Main Highlights:
- Hackers have stolen the source code of LastPass, but the users are safe now.
- It happened a couple of weeks back, but we are now getting to know about it.
- They also retained the services of a cybersecurity and forensics firm.
LastPass, a password management service, reported that its developer account had been compromised and source code data had been taken. According to its official announcement, the encrypted passwords of its users were not hacked.
They confirmed that their developer environment had been compromised about two weeks ago. The source code and confidential information were stolen as a result of the breach.
According to the company, the hacker gained access to the developer environment by compromising a single developer account.

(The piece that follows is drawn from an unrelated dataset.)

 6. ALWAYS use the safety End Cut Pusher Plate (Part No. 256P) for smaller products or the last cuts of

This month, bad actors attacked LastPass, a password management service, allowing them to obtain source code and other technical knowledge.
LastPass CEO Karim Toubba addressed the situation in a blog post. LastPass is used by over 33 million individuals worldwide.

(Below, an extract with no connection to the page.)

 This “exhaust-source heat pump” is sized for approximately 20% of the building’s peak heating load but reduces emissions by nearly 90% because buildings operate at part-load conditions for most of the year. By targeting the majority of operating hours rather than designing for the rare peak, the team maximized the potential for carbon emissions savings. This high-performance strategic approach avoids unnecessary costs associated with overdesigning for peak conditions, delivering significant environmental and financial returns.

The company issues an official statement.
According to LastPass CEO Karim Toubba, a hacker obtained access to elements of the LastPass development environment via a single hacked developer account and stole pieces of source code as well as certain sensitive LastPass technical knowledge. “Our goods and services are fully operational,” he added.
“We spotted some strange behaviour inside areas of the LastPass development environment two weeks ago,” he explained. “We have found no indication that this issue entailed any access to client data or encrypted password vaults after launching an immediate investigation.” We concluded that an unauthorised entity obtained access to sections of the LastPass development environment via a single hacked developer account and stole source code as well as certain confidential LastPass technical knowledge.

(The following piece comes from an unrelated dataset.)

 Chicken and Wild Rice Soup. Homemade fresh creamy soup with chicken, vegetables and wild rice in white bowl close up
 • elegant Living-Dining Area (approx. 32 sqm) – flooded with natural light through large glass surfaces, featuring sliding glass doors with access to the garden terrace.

According to Toubba, LastPass implemented containment and mitigation measures. It also retained the services of a cybersecurity and forensics firm.
“We have established a state of containment, applied more improved security measures, and find no further signs of illegal activity,” he stated. “We are considering further mitigation strategies to enhance our environment based on what we have learnt and done.”
There was no customer data accessed.
According to LastPass, their review found no indication of illegal access to client data in its production environment. Furthermore, the event did not jeopardise its clients’ master passwords. They are encrypted and saved on their device, and they are used to access their vault and its contents safely.
“Password managers make it incredibly easy to utilise distinct strong passwords across several accounts,” he explained. “However, if the master password is hacked or the password vault is somehow abused, the consequences can be severe.” Fortunately, no user data or password vaults appear to have been hacked in this situation. However, source code has been confirmed stolen, and attackers will be on the lookout for any flaws to exploit.”
Users Must Remain Alert
Users should be cautious now that LastPass has been hacked, according to Davidson. They should keep up with the news and keep an eye out for any strange behaviour or login alerts across their accounts.
“It is critical to setup all of LastPass’ available multifactor authentication (MFA) options, including the usage of an authenticator app to safeguard logins (SMS has been demonstrated to be vulnerable to SIM swap attacks”),” he stated. “Most users will do further MFA confirmations using a mobile device.” It is critical that this be also safeguarded.”
“Over the last few years, LastPass has been a major target for hostile actors,” he added. “This makes sense given that LastPass controls millions of websites and applications. In the event of stolen source code, I would be more concerned about where the malicious actor may have been or may still be in my environment.
What is LastPass?
LastPass is a password management application that allows you to securely store all of your internet login credentials (usernames and passwords) in one place.
It can generate unique, difficult-to-crack passwords for each site account and store them in your vault, freeing you from memorising a huge number of long, complex sequences.
Only a master pass may access and utilise the securely saved login credentials. As a result, users just need to generate and remember the master pass. The firm has around 33 million users worldwide.
Aside from LastPass, the other alternative password management systems include Apple’s iCloud Keychain and Google Password Manager.